WORK ITEM. Take the listing below and output it exactly, with no images.

PROVIDED MATERIAL.
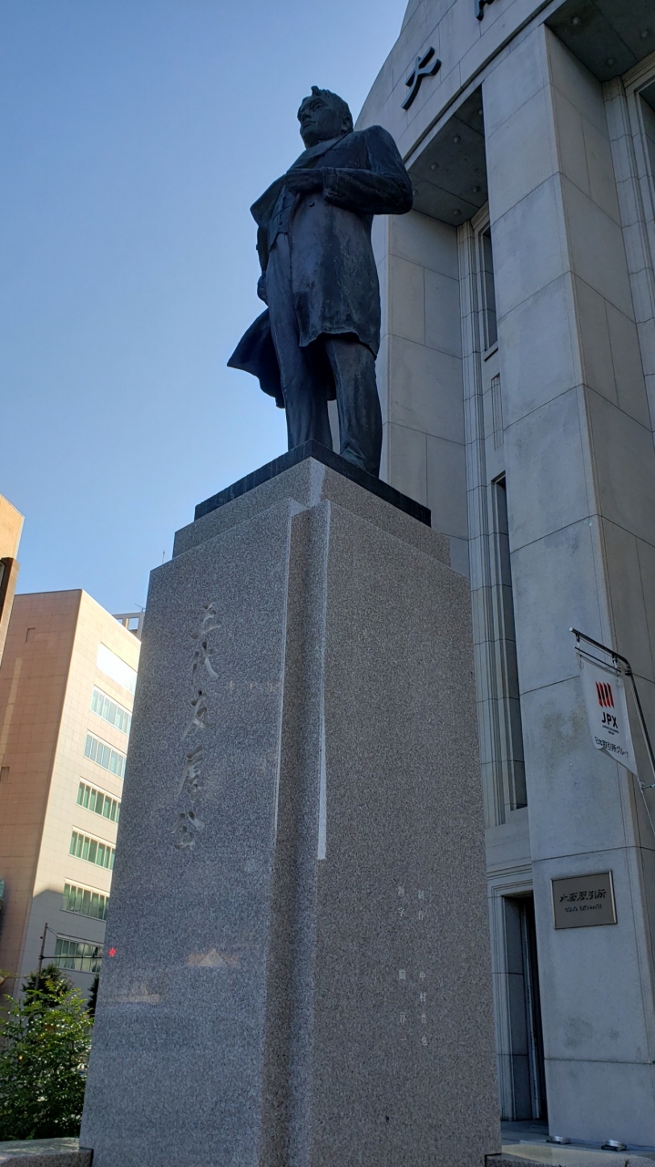 大阪北浜駅からすぐの大阪取引所の正面玄関前にどーんと立っている大きな像なのでとてもわかりやすいです。
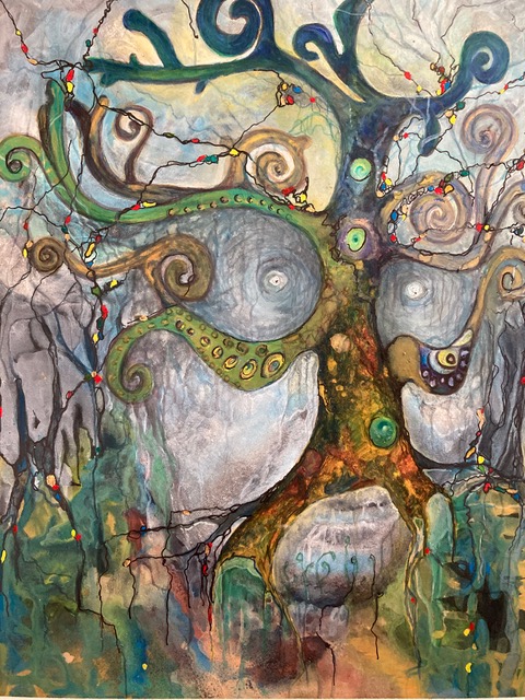 Using mixed media, Maggie creates abstract interpretations of the environment and our connection with the wider world.
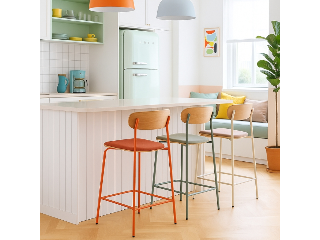 Barová židle Marckeric Adriana s čalouněným sedákem se pyšní kombinací dřevěného dekoru a jemného odstínu béžové barvy. Elegantně tvarovaná konstrukce se štíhlými liniemi přinese k vašemu barovému stolu nebo kuchyňskému ostrůvku svěží závan moderního designu. A pokud máte doma také klasický jídelní stůl, můžete celý prostor sladit a pořídit si ji také v menším jídelním provedení! V náručí těchto kousků si vychutnáte každé jídlo v pohodlí.
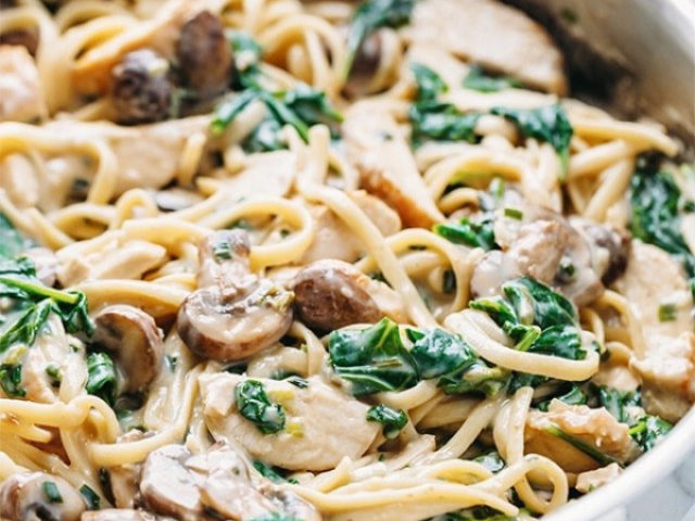 - 6 Pasta con champiñones en salsa cremosa en una sartén

ANSWER SPACE.
 大阪北浜駅からすぐの大阪取引所の正面玄関前にどーんと立っている大きな像なのでとてもわかりやすいです。
 Using mixed media, Maggie creates abstract interpretations of the environment and our connection with the wider world.
 Barová židle Marckeric Adriana s čalouněným sedákem se pyšní kombinací dřevěného dekoru a jemného odstínu béžové barvy. Elegantně tvarovaná konstrukce se štíhlými liniemi přinese k vašemu barovému stolu nebo kuchyňskému ostrůvku svěží závan moderního designu. A pokud máte doma také klasický jídelní stůl, můžete celý prostor sladit a pořídit si ji také v menším jídelním provedení! V náručí těchto kousků si vychutnáte každé jídlo v pohodlí.
 - 6 Pasta con champiñones en salsa cremosa en una sartén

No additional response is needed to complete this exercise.